Posted: Wed Jun 13, 2007 2:56 am
by Bluefront
With some places anyway. You'd think by now that everyone would be schooled in password protection....not so. Example. My new ISP was connecting ok, but the EMail refused to work. I finally called their tech support from another location(not my home phone). I told the guy my problem and my user name.....he asked me if my password was "XXXXX". I said yes and he fixed the problem which was at his end.
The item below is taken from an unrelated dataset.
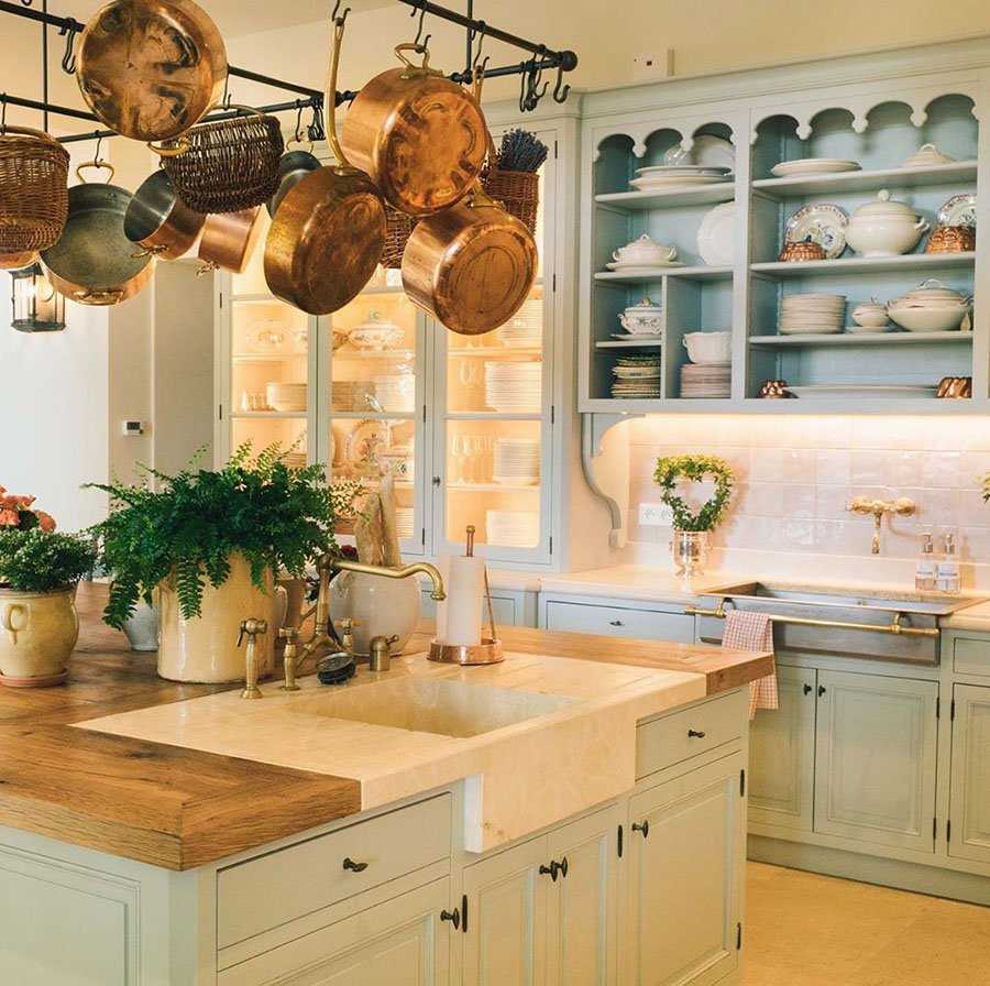 Романтичное направление делает кухню светлой и уютной. В ней присутствует много декорированных деталей и текстиля. Главный материал — дерево. Конструкцию можно сделать открытой со множеством полочек для хранения. На них гармонично будут смотреться небольшие занавески, которые сочетаются со стенами.

What he should have done was ask me for the password I registered. This didn't dawn on me till after the incident. Anybody could call these people with a similar story, and get another person's password.....all you'd need was the EMail address, and this same "tech" person to answer the phone. I guess you're never safe enough these days...... :x

Posted: Wed Jun 13, 2007 3:07 am
by kogi
Thats a really bad system. I thought with all/most system. An administrator can't find out your password. Only reset it.

kogi

Posted: Wed Jun 13, 2007 5:01 am
by mellon
Seconded. That kind of a setup means that anyone on the inside can access your email without you knowing. Probably the username/password -combination is also stored in plaintext somewhere on the server so when it gets compromised it is trivial for the attacker to get lots of good username/password information.

If at all possible, change to a better ISP. If they can't do basic password protection properly they'll screw up something else too.

Posted: Wed Jun 13, 2007 5:11 am
by quikkie
Having worked for a small scale ISP before (in 2000), if I wanted to read your email I'd just start a text editor on the mail server and start reading.

I've not yet come across an email server (either POP3 or SMTP) that encrypted it's message store. Although I am looking at a mail server currently (Zimbra) that uses a database backend as the message store, and I believe I'm right in thinking that the database is access controlled.

And I second the idea of shopping around for another ISP, that "system" in use is incredibly insecure and wide open to abuse.